**Listed entries**
* * *

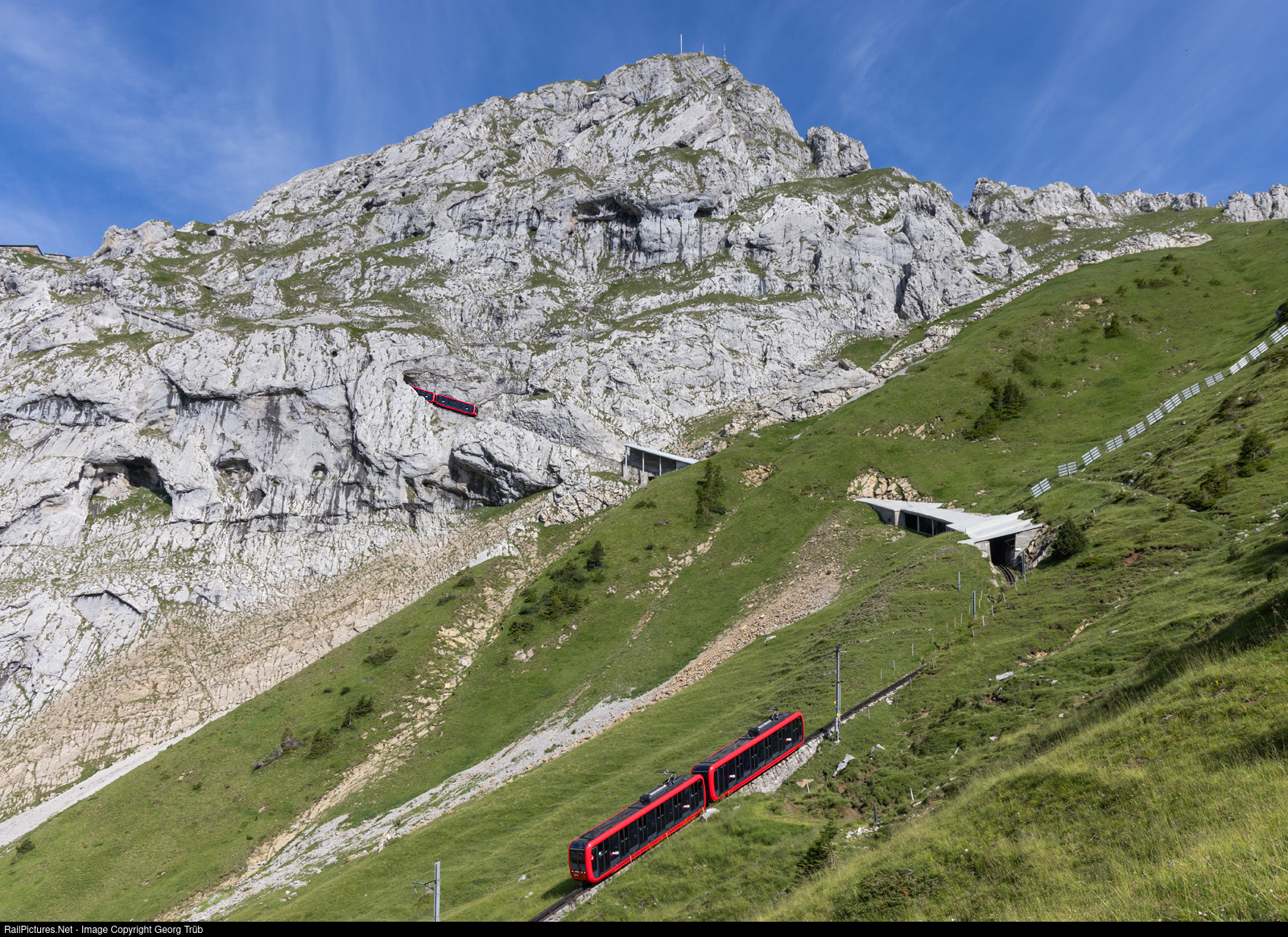 It's 10 AM an the half fleet of the Pilatus Bahnen can be seen running down from Pilatus Kulm to Alpnachstad as train CC 10. In the foreground Bhe 2/2 # 47 and # 48, and in the Eselwand (donkey wall), leaving the 55 meter long Eselwand tunnel, Bhe 2/2 # 42 and # 44. The mountain in the background is the Esel peak (2118 meter), part of the Pilatus massiv.
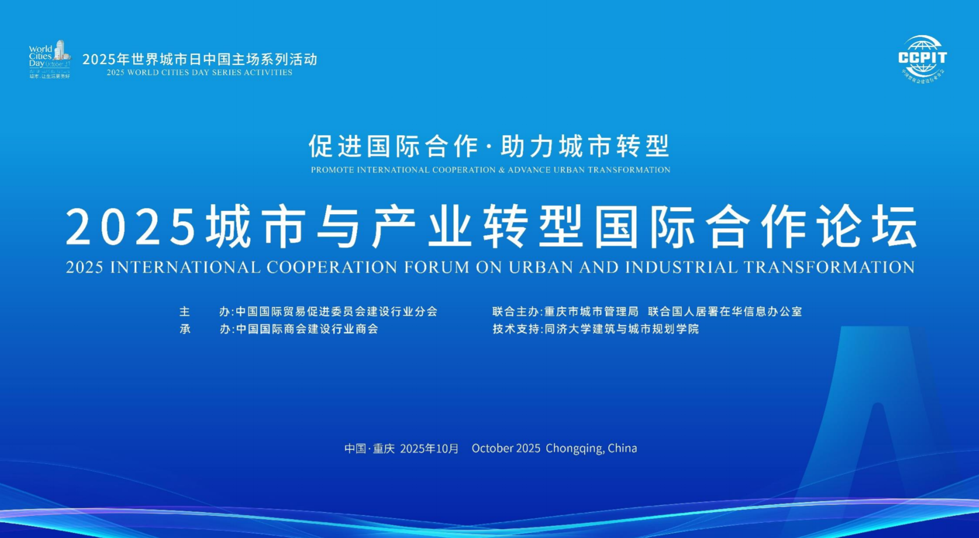 2025城市与产业转型国际合作论坛作为今年世界城市日中国主场系列活动之一,以“促进国际合作·助力城市转型”为主题,由中国国际贸易促进委员会建设行业分会(以下简称中国建设行业贸促会)、重庆市城市管理局、联合国人居署在华信息办公室联合主办,中国国际商会建设行业商会承办,同济大学建筑与城市规划学院提供技术支持。住房和城乡建设部相关司局领导、联合国人居署官员、重庆市城市管理局领导,以及中外院士、行业龙头企业负责人及中国建设行业贸促会副会长单位、常务理事单位和理事单位在内的百余名中外行业资深人士出席会议。
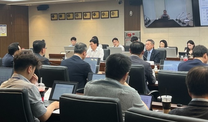 이미지 확대보기한국남부발전은 지난 9일 부산 본사에서 CEO 주재로 ‘하동화력의 슬기로운 전환을 위한 전사 에너지전환 TF 3차 회의’를 개최했다고 10일 밝혔다.
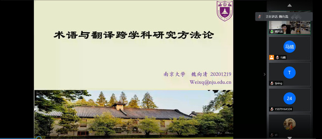 (通讯员 马晴 栾海燕)12月19日,应伟德体育手机app下载翻译学研究中心主任苗菊教授邀请,南京大学伟德APP下载地址英语系教授,博士(后)指导教师,南京大学翻译硕士专业学位(MTI)教育中心主任、双语词典研究中心主任魏向清教授在线上做了题为“术语与翻译跨学科研究方法论”的学术讲座,参与讲座的有伟德betvlctor1946体育师生共一百二十余人。本场讲座是伟德体育手机app下载党委研工部“研究生创新论坛”系列活动下的“研究生学术周末”讲座,主要采取主题报告形式,邀请校外各专业领域内教授级别的专家学者、杰出校友等担任主讲人。
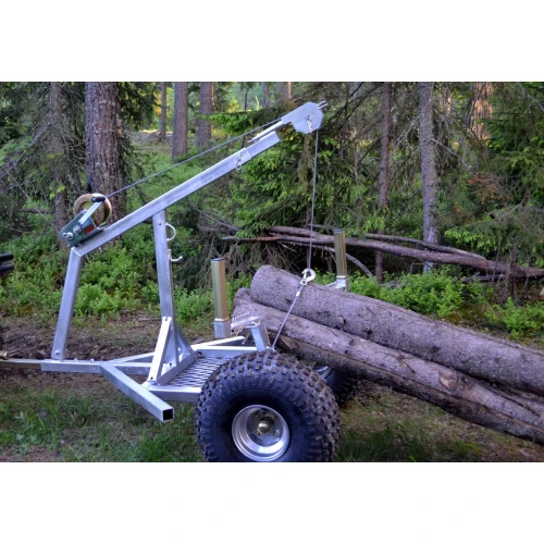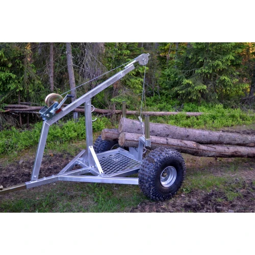 Solid bygget og galvanisert lunnings tilhenger m/vinsj til ATV og mindre maskiner. Perfekt for utkjøring av lange, men også korte trær/stokker fra skogen som tynning, ved & vindfall etc. Vinsjetårnet har teleskopfunksjon og vinsj medfølger. Vridbar lastebanke med surreøyer og pigger.
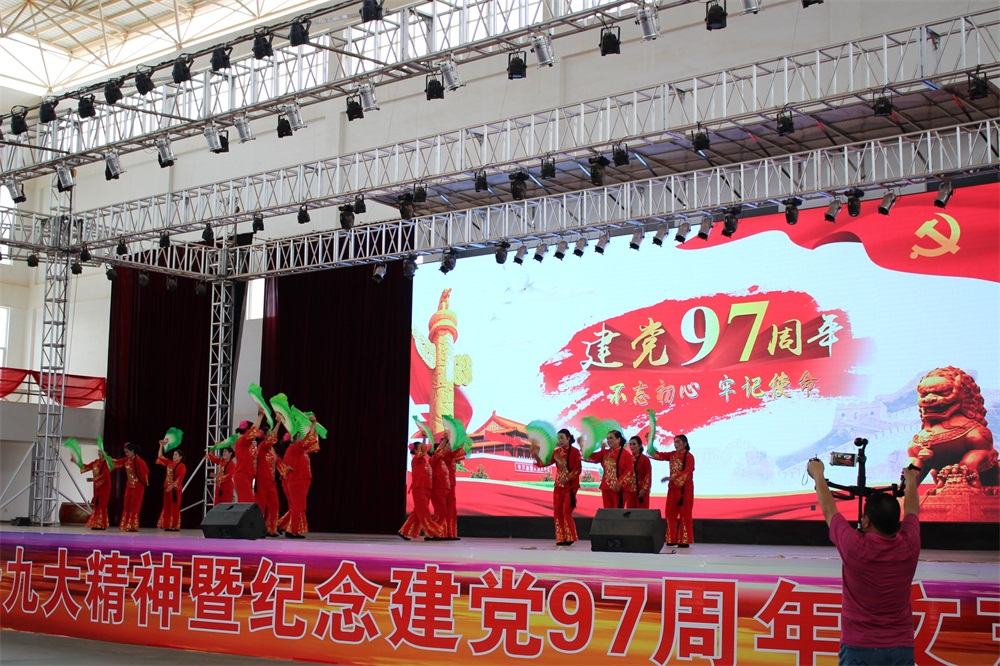 最后,在陈勇同志、苏宇同志的带领下,全体演出人员、观众齐声高唱《没有共产党 就没有新中国》,文艺汇演正式结束。
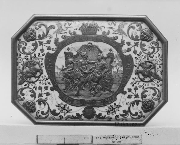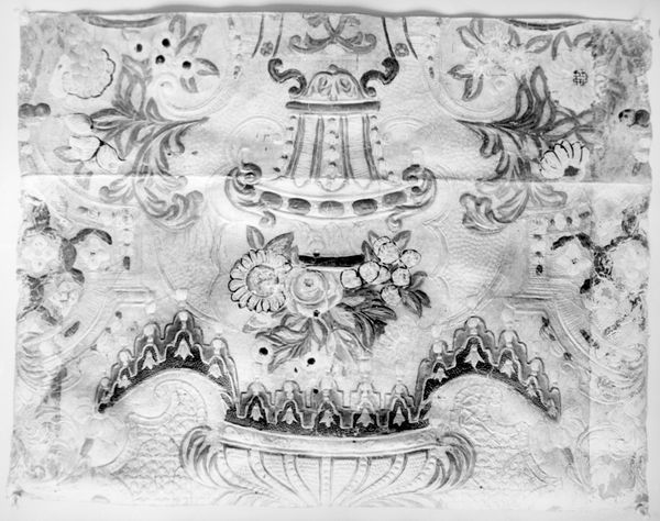Editor: So, this is a fragment of a wall hanging, likely woven, created between 1700 and 1725 by Daniel Marot the Elder. It’s hard to ignore all the ornate Baroque detailing – so evocative of the period's opulence. How do you see this fragment fitting into the decorative arts of its time? Curator: This piece, while seemingly just decorative, speaks volumes about the society that produced it. Wall hangings like these were far more than mere decoration. They were powerful status symbols, signifying wealth and taste. Editor: Like visual real estate? Curator: Exactly! Think about the Baroque era – a time of absolute monarchs and powerful elites. Art wasn’t just art; it was a tool for projecting power. Marot’s designs, disseminated through engravings, shaped interior design across Europe. Do you notice how this piece, even in fragment form, suggests an expansive, perhaps even overwhelming, design scheme? Editor: Now that you mention it, the way the floral arrangements, vases, and crown-like figures repeat really emphasize… almost an endlessness, like it was meant to fill a whole room. Curator: Precisely. Consider, too, who commissioned such pieces and why. It would likely have been an aristocratic family looking to create a specific impression within their social circles, sending a clear signal of dominance. Editor: So the fragment reminds us how art, even something "decorative," functioned in a specific social context. Fascinating! Curator: It truly does, offering a tangible connection to the socio-political forces that shaped the lives of both artist and patron. What initially appears as surface ornamentation in fact illustrates profound historical relationships.
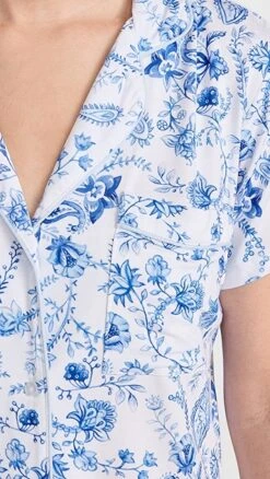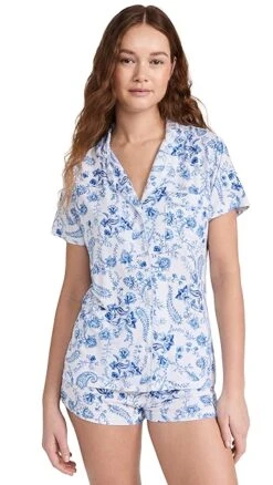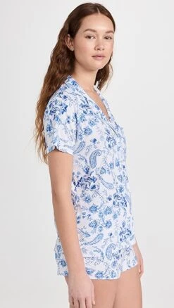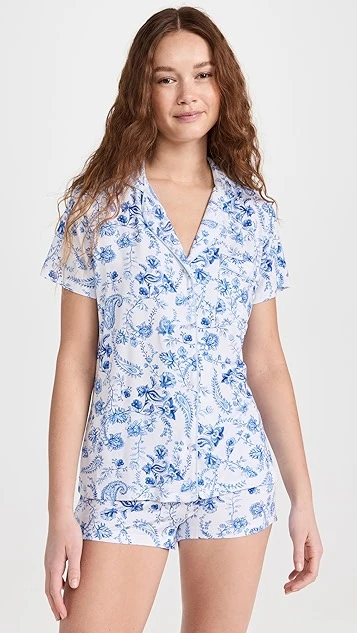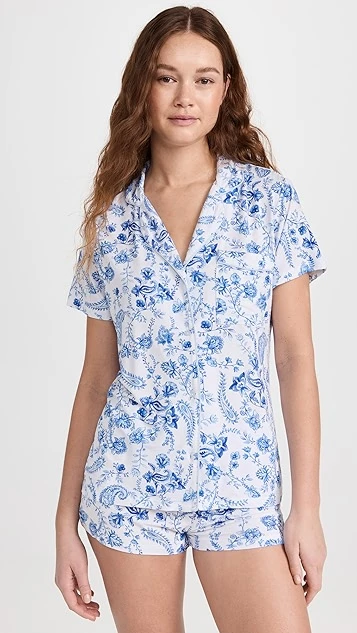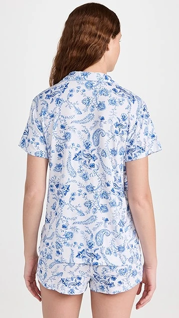 A charming pair of Stripe & Stare short sleeve pajamas in extra-soft modal jersey, designed with classic notched lapels and detailed with a blue-hued paisley print.

* * *

**Activity**
Output the material above exactly as written and drop any images it holds.

**Response area**
 It's 10 AM an the half fleet of the Pilatus Bahnen can be seen running down from Pilatus Kulm to Alpnachstad as train CC 10. In the foreground Bhe 2/2 # 47 and # 48, and in the Eselwand (donkey wall), leaving the 55 meter long Eselwand tunnel, Bhe 2/2 # 42 and # 44. The mountain in the background is the Esel peak (2118 meter), part of the Pilatus massiv.
 2025城市与产业转型国际合作论坛作为今年世界城市日中国主场系列活动之一,以“促进国际合作·助力城市转型”为主题,由中国国际贸易促进委员会建设行业分会(以下简称中国建设行业贸促会)、重庆市城市管理局、联合国人居署在华信息办公室联合主办,中国国际商会建设行业商会承办,同济大学建筑与城市规划学院提供技术支持。住房和城乡建设部相关司局领导、联合国人居署官员、重庆市城市管理局领导,以及中外院士、行业龙头企业负责人及中国建设行业贸促会副会长单位、常务理事单位和理事单位在内的百余名中外行业资深人士出席会议。
 이미지 확대보기한국남부발전은 지난 9일 부산 본사에서 CEO 주재로 ‘하동화력의 슬기로운 전환을 위한 전사 에너지전환 TF 3차 회의’를 개최했다고 10일 밝혔다.
 (通讯员 马晴 栾海燕)12月19日,应伟德体育手机app下载翻译学研究中心主任苗菊教授邀请,南京大学伟德APP下载地址英语系教授,博士(后)指导教师,南京大学翻译硕士专业学位(MTI)教育中心主任、双语词典研究中心主任魏向清教授在线上做了题为“术语与翻译跨学科研究方法论”的学术讲座,参与讲座的有伟德betvlctor1946体育师生共一百二十余人。本场讲座是伟德体育手机app下载党委研工部“研究生创新论坛”系列活动下的“研究生学术周末”讲座,主要采取主题报告形式,邀请校外各专业领域内教授级别的专家学者、杰出校友等担任主讲人。
 Solid bygget og galvanisert lunnings tilhenger m/vinsj til ATV og mindre maskiner. Perfekt for utkjøring av lange, men også korte trær/stokker fra skogen som tynning, ved & vindfall etc. Vinsjetårnet har teleskopfunksjon og vinsj medfølger. Vridbar lastebanke med surreøyer og pigger.
 最后,在陈勇同志、苏宇同志的带领下,全体演出人员、观众齐声高唱《没有共产党 就没有新中国》,文艺汇演正式结束。
Editor: So, this is a fragment of a wall hanging, likely woven, created between 1700 and 1725 by Daniel Marot the Elder. It’s hard to ignore all the ornate Baroque detailing – so evocative of the period's opulence. How do you see this fragment fitting into the decorative arts of its time? Curator: This piece, while seemingly just decorative, speaks volumes about the society that produced it. Wall hangings like these were far more than mere decoration. They were powerful status symbols, signifying wealth and taste. Editor: Like visual real estate? Curator: Exactly! Think about the Baroque era – a time of absolute monarchs and powerful elites. Art wasn’t just art; it was a tool for projecting power. Marot’s designs, disseminated through engravings, shaped interior design across Europe. Do you notice how this piece, even in fragment form, suggests an expansive, perhaps even overwhelming, design scheme? Editor: Now that you mention it, the way the floral arrangements, vases, and crown-like figures repeat really emphasize… almost an endlessness, like it was meant to fill a whole room. Curator: Precisely. Consider, too, who commissioned such pieces and why. It would likely have been an aristocratic family looking to create a specific impression within their social circles, sending a clear signal of dominance. Editor: So the fragment reminds us how art, even something "decorative," functioned in a specific social context. Fascinating! Curator: It truly does, offering a tangible connection to the socio-political forces that shaped the lives of both artist and patron. What initially appears as surface ornamentation in fact illustrates profound historical relationships.
 A charming pair of Stripe & Stare short sleeve pajamas in extra-soft modal jersey, designed with classic notched lapels and detailed with a blue-hued paisley print.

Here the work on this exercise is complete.